Why is that? The probability of a random event happening is independent of previous events. It is still a 50% chance of flipping heads no matter the result of the previous 25 flips.
Another math opportunity.
Emperical Probability Formula:
P(E) = # of times event E occurs / total # of occurences
Say someone gets injured pushing a car to the line once every 1000 runs
P(E) = 1 / 1000 = .001 or .1%
and
P(Enot) = 1-.001 = .999 or 99.9% (probably of not getting injured on a run)
Each run as you mentioned is independent.

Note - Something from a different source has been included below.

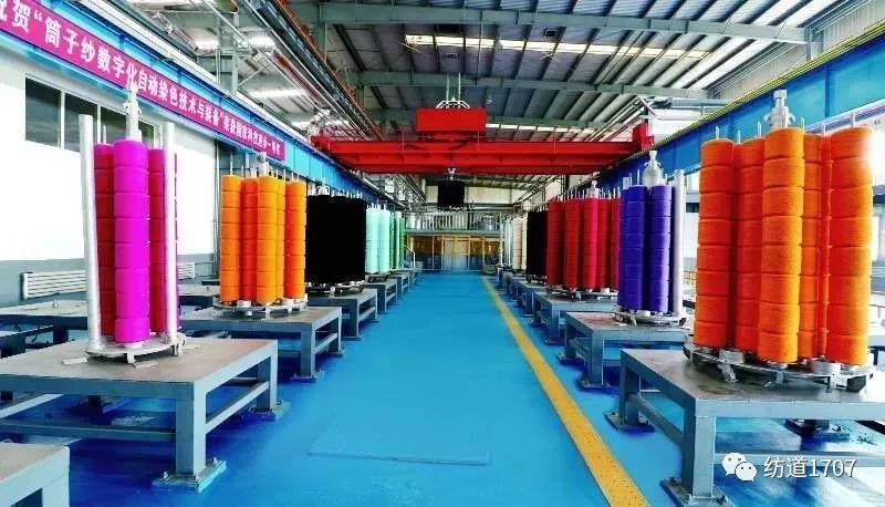 Entering the dyeing workshop of Shandong Kangpingna Group Co., Ltd., a few workers press the button in the control room, and the entire printing and dyeing production line can automatically start to work. The dyed cheeses are neatly placed on the shelves, realizing the whole process of intelligence.

Putting the probabilities of two independent events together we get the following:
P(E AND F) = Probability of E and F happening = P(E) * P(F)
Lets say event F = event E
then P(E AND E) = Probability of E happening twice = P(E)*P(E) or P(E)^2
Or generically P(E) happening N times (keeping in mind each E is independent) = P(E)^N where N equals number of times E happens
For our example P(Enot) = .999 and P(Enot) happening N times is .999^N
(a) N=1 P(Enot)^N = .999^1 = .999 = 99.9%
(b) N=10 P(Enot)^N = .999^10 = .990 = 99.0%
(c) N=100 P(Enot)^N = .999^100 = .905 = 90.5%
(d) N=1000 P(Enot)^N = .999^1000 = .367 = 36.7%
(a) Probability of not getting injured on each run is 99.9%
(b) Probability of not getting injured in any of 10 runs is 99.0%
(c) Probability of not getting injured in any of 100 runs is 90.5%
(d) Probability of not getting injured in any of 1000 runs is 36.7%
This just means that the more times you push a car to the line, even if the probability is remote, your pressing your luck further as time goes on. (Note that it is not a sure thing that you will get injured in 1 of 1000 runs even if the odds are 1 in 1000, its only 63% that you would)
I think my math is correct - I didn't fully understand my statistics class...
One bit of common sence, the probability of getting injured while pushing the car to the line if you do not push the car to the line is 0 no matter how many runs you do.